THE RECORDS:
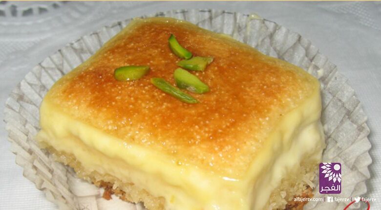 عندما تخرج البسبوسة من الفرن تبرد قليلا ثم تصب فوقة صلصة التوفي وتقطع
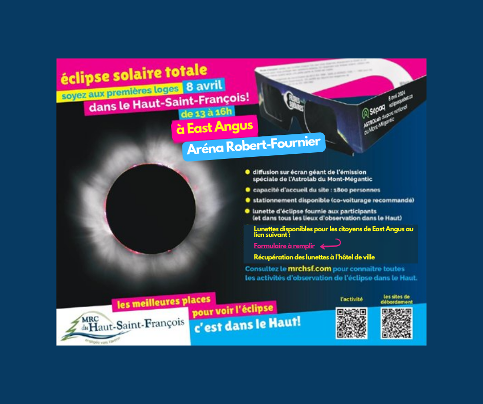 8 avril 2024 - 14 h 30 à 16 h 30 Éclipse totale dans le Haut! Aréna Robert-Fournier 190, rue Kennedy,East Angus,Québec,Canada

--

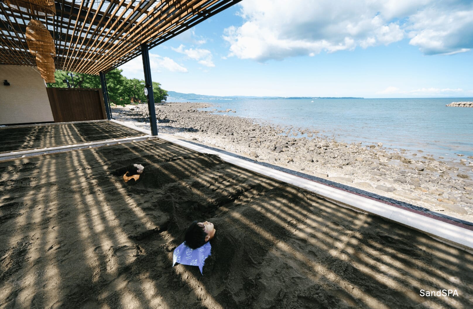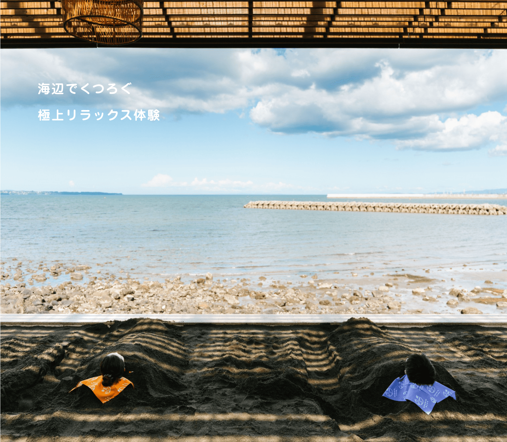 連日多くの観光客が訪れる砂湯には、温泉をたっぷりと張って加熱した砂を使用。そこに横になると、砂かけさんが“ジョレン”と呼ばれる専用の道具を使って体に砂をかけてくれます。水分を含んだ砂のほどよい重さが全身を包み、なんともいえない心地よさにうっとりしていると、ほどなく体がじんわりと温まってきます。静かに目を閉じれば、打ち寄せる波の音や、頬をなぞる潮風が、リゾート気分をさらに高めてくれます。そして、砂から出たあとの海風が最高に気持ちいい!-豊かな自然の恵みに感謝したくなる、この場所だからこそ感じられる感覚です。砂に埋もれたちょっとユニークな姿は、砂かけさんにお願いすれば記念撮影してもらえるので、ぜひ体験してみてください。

PROBLEM DETAILS: What you need to produce is an exact copy of the entries above, limited to the lines from the one with "عندما تخرج البسبوسة" up to and including the one with "8 avril 2024", without pictures.

ANSWER SECTION:
 عندما تخرج البسبوسة من الفرن تبرد قليلا ثم تصب فوقة صلصة التوفي وتقطع
 8 avril 2024 - 14 h 30 à 16 h 30 Éclipse totale dans le Haut! Aréna Robert-Fournier 190, rue Kennedy,East Angus,Québec,Canada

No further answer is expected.